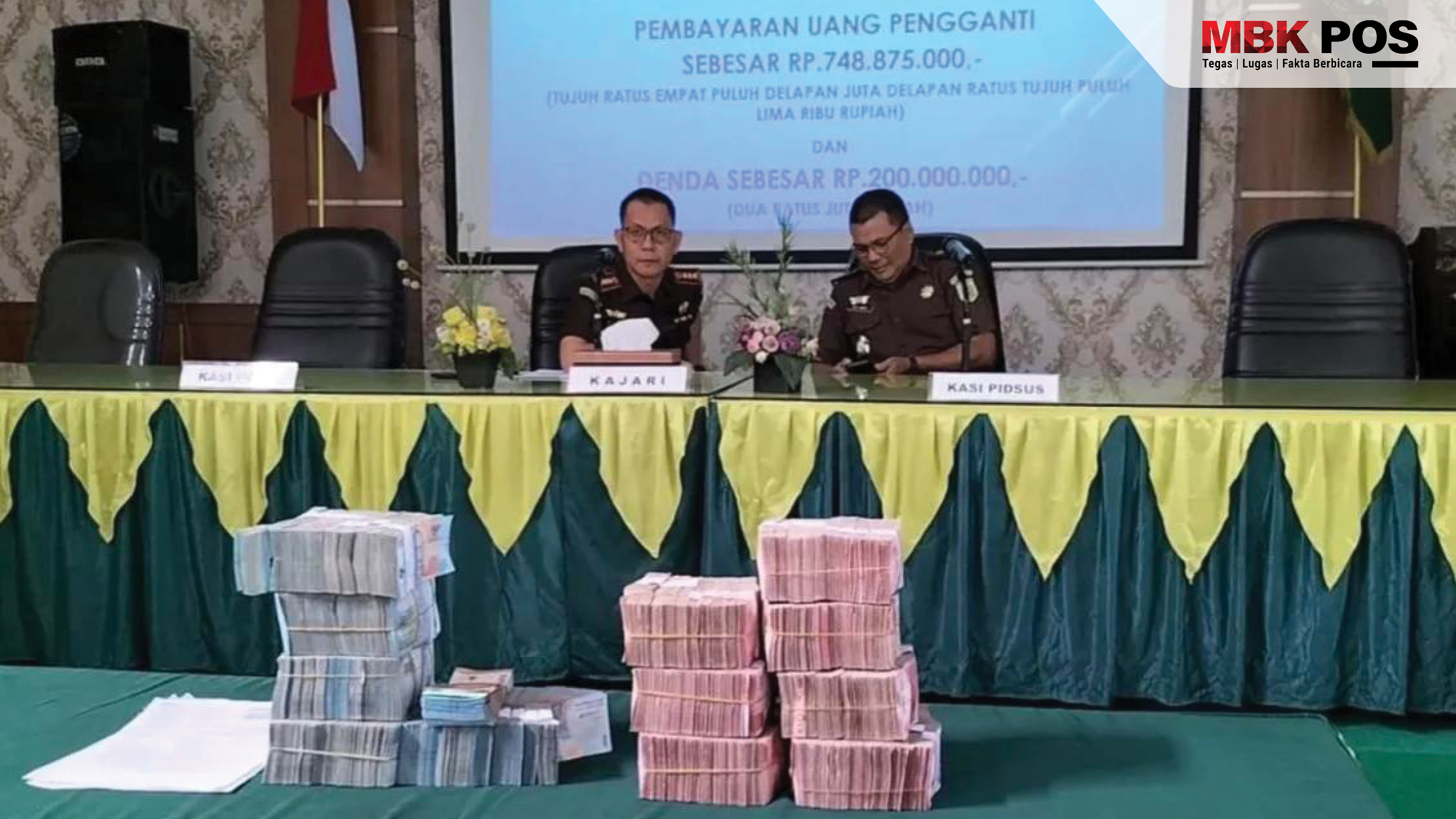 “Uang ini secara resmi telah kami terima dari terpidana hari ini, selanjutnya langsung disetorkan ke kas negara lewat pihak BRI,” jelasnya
* * *
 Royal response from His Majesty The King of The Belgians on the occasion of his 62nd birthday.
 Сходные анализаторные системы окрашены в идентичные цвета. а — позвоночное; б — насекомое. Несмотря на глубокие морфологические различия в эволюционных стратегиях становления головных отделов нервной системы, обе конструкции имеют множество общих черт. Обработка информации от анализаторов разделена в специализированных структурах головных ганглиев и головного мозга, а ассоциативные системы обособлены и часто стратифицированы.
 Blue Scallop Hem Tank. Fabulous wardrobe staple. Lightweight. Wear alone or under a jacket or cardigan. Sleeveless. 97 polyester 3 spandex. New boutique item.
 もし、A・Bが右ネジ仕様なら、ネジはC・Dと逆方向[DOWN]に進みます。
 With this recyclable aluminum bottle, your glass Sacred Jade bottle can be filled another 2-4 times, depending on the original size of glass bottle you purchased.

### Task to carry out
Using only the entries above, output the line with "もし、A・Bが右ネジ仕様なら、ネジはC・Dと逆方向[DOWN]に進みます。", the line with "With this recyclable", and all lines between them, exactly as they stand.

### Response to this exercise
 もし、A・Bが右ネジ仕様なら、ネジはC・Dと逆方向[DOWN]に進みます。
 With this recyclable aluminum bottle, your glass Sacred Jade bottle can be filled another 2-4 times, depending on the original size of glass bottle you purchased.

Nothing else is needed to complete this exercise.